2D Conduction Heat Transfer utilizing Parallel Processing

In this project, we implement a conduction heat transfer simulation on a 2D plate, utilizing parallel processing with the use of MPI, OpenMP and CUDA.

Initial software

Some initial reference software that performs the required simulation can be found here.

However, this software underperforms and our goal was to make it better. So, we wrote our own version, from scratch.

Software design and implementation

As a simplification, we assume every subplate is constantly heated in its central area, instead of only the center of the whole plate.

MPI

We split the computations accross multiple compute nodes, so each node is assigned a part of the computations. If fact, we split the 2D plate in subplates and each node computes conduction heat transfer on its own plate. Then, every node exchanges temperature information in their plate’s boundaries with is neighbors, which are other nodes whose plates are adjacent to the node’s.

The number of nodes utilized must be a perfect square in order to have a perfectly balanced split.

So, N $\in$ { n², n=1,2,3,… }

e.g. If we have 50 nodes, then N must be in { 1,4,9,15,25,36,49 }.
Since the plates are squared, the number of cells that consist the plate must be a perfect square, which must be chosen so that it can be evenly split accross the N nodes.

So, C $\in$ { LCM(all possible number of nodes)² $\times$ n², n=1,2,3,… }

e.g. if N $\leq$ 25 then LCM(1,4,9,16,25)=420 so C must be in { 420² $\times$ 1, 420² $\times$ 4, 420² $\times$ 9, … }.

To execute the software:

Use a shell to navigate to the MPI directory.
Edit the mpd.hosts file and enter the IPs of the available nodes in the network.
Edit the machines file and for each available note in the network enter the node name and the number of CPUs it has.
Build the software using the Makefile using the following shell command:
```
make
```

Execute the software using the following shell command:

sh exeg_prog.sh [number of processes] [number of cells] [number of epochs]

OpenMP

This part is an extension to the MPI part, as it combines MPI with OpenMP.
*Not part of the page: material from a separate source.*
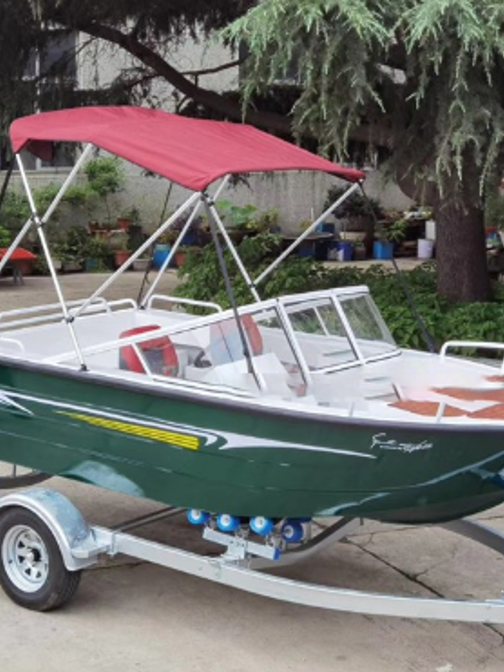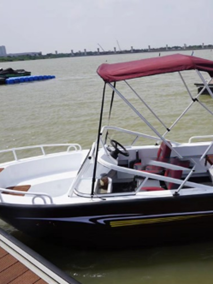 这款全棚艇前面拥有可开合式窗户设计,可随时开合通风,休闲艇内部空间大,可容纳4-5个人,设备十分齐全。

In every computation node we utilize OpenMP to split the computations within the node accross 4 threads, each one communicating with a single neighbor node (North, South, East, West)

Use a shell to navigate to the OpenMP directory.
Edit the mpd.hosts file and enter the IPs of the available nodes in the network.
Edit the machines file and for each available note in the network enter the node name and the number of CPUs it has.
Build the software using the Makefile using the following shell command:
```
make
```

Execute the software with the following shell command:

sh exeg_prog.sh [number of processes] [number of cells] [number of epochs]

CUDA

This part is independent from the 2 previous parts, as it does not utilize MPI at all.

In a single compute node with a modern Nvidia GPU, we follow the GPGPU paradigm and utilize CUDA to perform the computations within the GPU.

On the same node, we also utilize OpenMP as a reference for comparisons.

Use a shell to navigate to the CUDA directory.
Build the software using the CUDA using the following shell command:
```
make
```

Execute the software with the following shell command:

sh exeg_prog.sh [number of cells] [number of epochs]

Results

The measurements are in as well as the plots that visualize the performance improvement are located in the results directory.

In these measurements we compare our software with the underperforming initial software in order to show the performance improvements we achieved.
We also compare the 3 different versions of our own software against each other to show the improvements we can achieve while utilizing different technologies.